Because we understand this, anticipating problems should be part of the technological development itself. A clear vision of our ignorance does not mean not to continue technology, but advises prudence and wisdom using foresight, without expecting anything impeccable. This also means taking practical measures to regulate development and give time to repair emerging problems, while avoiding the worst possible results.

Our current approach to research and development in artificial or AI intelligence offers an example of the reckless approach. Currently, a handful of the largest technological companies in the world are fighting together to control the market of this technology, deploying one model after another as quickly as possible with little surveillance. As noted by neuroscientist Gary Marcus, this race for short -term domination has an obvious cost – it exposes everyone to the unknown risks of new and not tested technologies. It also has a less obvious cost: the emergency presented in competition means that practically all available resources are invested in research in the most promising, currently so-called large-language models. This moves away the resources of other fields of computer science which could ultimately prove to be more important to one day reach a real AI.

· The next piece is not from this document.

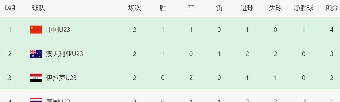 两轮过后,D组的积分榜成了最有趣的风景。 中国队4分第一,澳大利亚3分第二,伊拉克2分第三,泰国0分垫底。 命运,从未如此牢牢掌握在自己手中。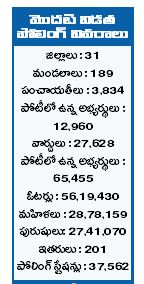 ఇందులో 27,41,070 మంది పురుష ఓటర్లు, 28,78,159 మంది మహిళా ఓటర్లు, 201 మంది ఇతరులు ఉన్నారని వివరించారు. 31 జిల్లాల్లో 37,562 పోలింగ్ స్టేషన్లు ఏర్పాటు చేసినట్టు తెలిపారు. ప్రతీ పోలింగ్ స్టేషన్ వద్ద సీసీ కెమెరాలను ఏర్పాటు చేశామని పేర్కొన్నారు. ఎన్నికల నిర్వహణకు 3,591 మంది రిటర్నింగ్ అధికారులను, 93,905 మంది ఇతర సిబ్బందిని నియమించినట్టు వివరించారు. ఓటు వేసే వారు తమ ఓటర్ కార్డు, ఆధార్ కార్డు, రేషన్ కార్డు, డ్రైవింగ్ లైసెన్స్ తదితర 18 రకాల ఐడీ కార్డులలో ఏదైనా కేంద్రానికి తీసుకొచ్చేందుకు అనుమతించినట్టు తెలిపారు. ఎన్నికలు జరుగుతున్న జిల్లాల్లో కలెక్టర్లకు మెజిస్ట్రీయల్ అధికారాలలిస్తూ ఆదేశాలు జారీ చేసినట్టు కమిషనర్ రాణి కుముదిని తెలిపారు. పోలింగ్లో స్వచ్ఛందంగా పాల్గొనాలని ఆమె ఓటర్లకు పిలుపునిచ్చారు.

Fortunately, all the leaders of Silicon Valley do not accept techno-optimistic demand for uncontrolled technological acceleration. Dario Amodei, CEO of the Society of Ia Anthropic, certainly shares their optimism, as he revealed in a recent essay expressing his point of view according to which research on AI could lead to incredible improvements to human well-being. Exploring a certainly optimistic scenario, he suggests that we could in a few decades essentially eliminate all diseases, distribute the beneficial economic growth between nations, even considerably improve the collective capacity of humans to constitute a consensus on questions of fundamental social importance.

But Amodei also accepts that there is a lot of room for things to be mistaken – AI may not reach these positive points, and could rather radically exacerbate inequalities, or provide a new class of autocrats with unprecedented supervision and control powers thanks to propaganda improved by AI. What will happen depends on the choices we make.

And, in this, he suggests that keeping the risks and regulations closely must be the right way to follow, rather than running naively in the future with hope as a guide. People underestimate not only the quality of AI Bad risks could be. And there is a natural asymmetry that we must respect.

“The fundamental development of AI technology and many (not all) of its advantages seem inevitable”, as he sees, following powerful market forces. “On the other hand, the risks are not predetermined and our actions can considerably change their probability.”

As often with cultures such as Wall Street or Silicon Valley, the essential tension is between forces in search of short -term benefits – whatever the long -term result – and others that prefer to balance opportunities and risks, and thus pursue more sustainable advantages. In arguments for and against such opposite opinions, there is a natural imbalance, because the seductive and obvious potential profits are now weighed against harsh risks to see and less defined in an unknown future. It is not a fair comparison.

Especially when it is so easy to make catastrophically enormous mistakes when you think in the future, even in the near future. In his techno-optimistic manifesto, the entrepreneur Marc Andreessen expresses his dream with casualness that we could accelerate clean energy resources so quickly that everyone on earth could soon use 1000 times more energy per day than what is currently typical for people in developed countries. Just think about what people could achieve! It looks great. Except that a little thought in physics also shows that the use of so much energy would immediately cause global warming about 30 times faster than we live today, and we would all be died in a few years. Not so great after all.

Of course, anyone could make this kind of error, because in our complex world, the cause and the effect are complex. The technology is delicate and what could happen is far from obvious. It’s like that – and why we have to think more carefully about the risks and follow a more cautious approach.